Although the significance of drug reactions in the dopamine group is
not clearly established due to lack of cardiac monitoring in the
no-dopamine group, dopamine therapy is not without complications.
Infection is a major cause of
morbidity and mortality in the neutropenic patient. Due to aggressive
myelosuppressive and myeloablative regimens, leukemia and bone marrow
transplant (BMT) patients are at significant risk for the development
of fungal infections secondary to prolonged periods of neutropenia. The
fungal pathogens most commonly encountered are Candida and
Aspergillus species. However, increasing in frequency are
some relatively resistant pathogens, including Candida
(Torulopsis) glabrata and Candida
kruseii. Trichosporon and Fusarium species
are rarely documented pathogens (9).
To date, amphotericin B remains the antifungal drug of choice for
treatment of systemic or disseminated Candida or
Aspergillus fungal infections in neutropenic patients.

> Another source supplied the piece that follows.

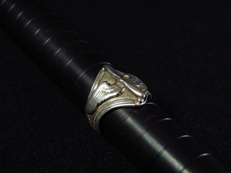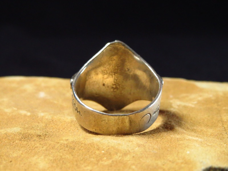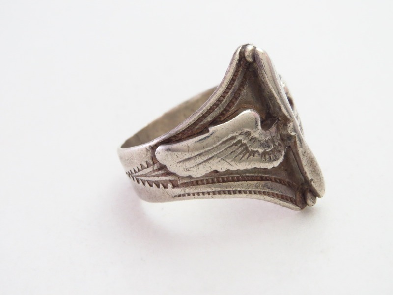 ミリタリー関連のオーダー品と推測され、その特殊性を持ったシルバーワーク、高い史料価値等を含め大変貴重なピースの一つ。ナバホジュエリーの伝統的なディテールとミリタリーエンブレムが高次元で融合され、素朴でクラシックながら洗練された印象も有するピース。指に馴染みが良いシェイプやシルバーのみで構成されたソリッドな雰囲気は、スタイルを問わずフィットするリングとなっています。
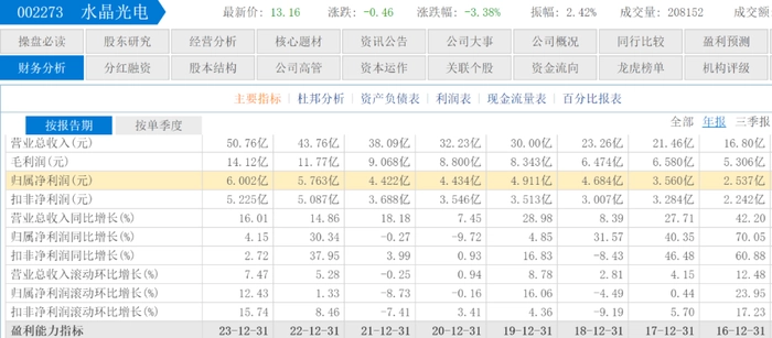 此外,水晶光电在2023年业绩表现不俗。全年营收50.76亿元,同比增长16.01%;归母净利润为6.002亿元,同比增长4.15%。这是在水晶光电上半年表现并不太理想的情况下取得的成绩,2023年前两个季度,水晶光电营收为8.769亿元和9.769亿元,同比增长-7.35%和4.15%。同期净利润为6263万元和4800万元,同比分别下滑18.68%和35.57%。

Approximately 35 to 70% of leukemic and BMT patients at our
institution require amphotericin B therapy. The use of amphotericin B
is often limited or complicated by adverse effects, especially
nephrotoxicity. Greater than 80% of patients develop some degree of
nephrotoxicity while receiving amphotericin B, with the incidence
increasing with increasing age, cumulative dose greater than 5 g,
concomitant use of other nephrotoxins, and preexisting renal
dysfunction (8). A decrease in glomerular filtration rate by
40% may be observed within 2 weeks after initiation of amphotericin B
therapy, with renal function usually stabilizing at 20 to 60% of
baseline and remaining at this level throughout the course of treatment
(7). Although renal function usually returns to baseline, a
severe insult may occur in some patients and the dysfunction may be
permanent (7). Deterioration of renal function may
necessitate premature or temporary discontinuation of the drug or a
dose reduction, leading to potential progression of infection or a
prolonged hospital course (2).
Several attempts have been made to minimize amphotericin B-induced
nephrotoxicity. One such intervention is the use of saline as a bolus
prior to and/or after amphotericin administration to minimize the
tubuloglomerular feedback system. Most of the information about the
effectiveness of saline is derived from animal studies, case reports,
retrospective studies, or prospective observational studies, and to
date, a prospective, randomized, placebo-controlled study assessing the
efficacy of saline loading is lacking (2-5, 11). Another
potential intervention to minimize amphotericin B-induced
nephrotoxicity is to increase renal blood flow and glomerular filtration rate. Dopamine, an endogenous catecholamine, when
administered in low doses (1 to 3 µg/kg/min), selectively dilates the
renal vasculature, induces natriuresis, and increases renal blood flow, glomerular filtration rate, and urine output (10). The
relative state of sodium and fluid restriction in BMT and leukemia
patients warrants the evaluation of dopamine as a renal-sparing agent
in this patient population. The objective of this study was to compare the efficacies of treatment with low-dose dopamine or no dopamine in
the prevention of nephrotoxicity associated with amphotericin B in
autologous BMT and leukemia patients.
Patients.
Autologous BMT and leukemia patients receiving
amphotericin B treatment following cytoreductive therapy were eligible
for enrollment if they were at least 18 years of age and had a serum creatinine (SCr) level less than or equal to 1.5 mg/dl. Patients were
excluded if they had received amphotericin B therapy within the
previous 3 weeks or were receiving dopamine therapy for renal perfusion
or blood pressure control (doses of >5 µg/kg/min) prior to the
initiation of amphotericin B treatment. All eligible patients were
required to sign a consent form prior to enrollment in the study in
accordance with the institution's investigational review board.
Study design.
This single-institution, prospective,
unblinded, controlled study randomly assigned patients to either a
group receiving continuous-infusion low-dose dopamine (3 µg/kg/min)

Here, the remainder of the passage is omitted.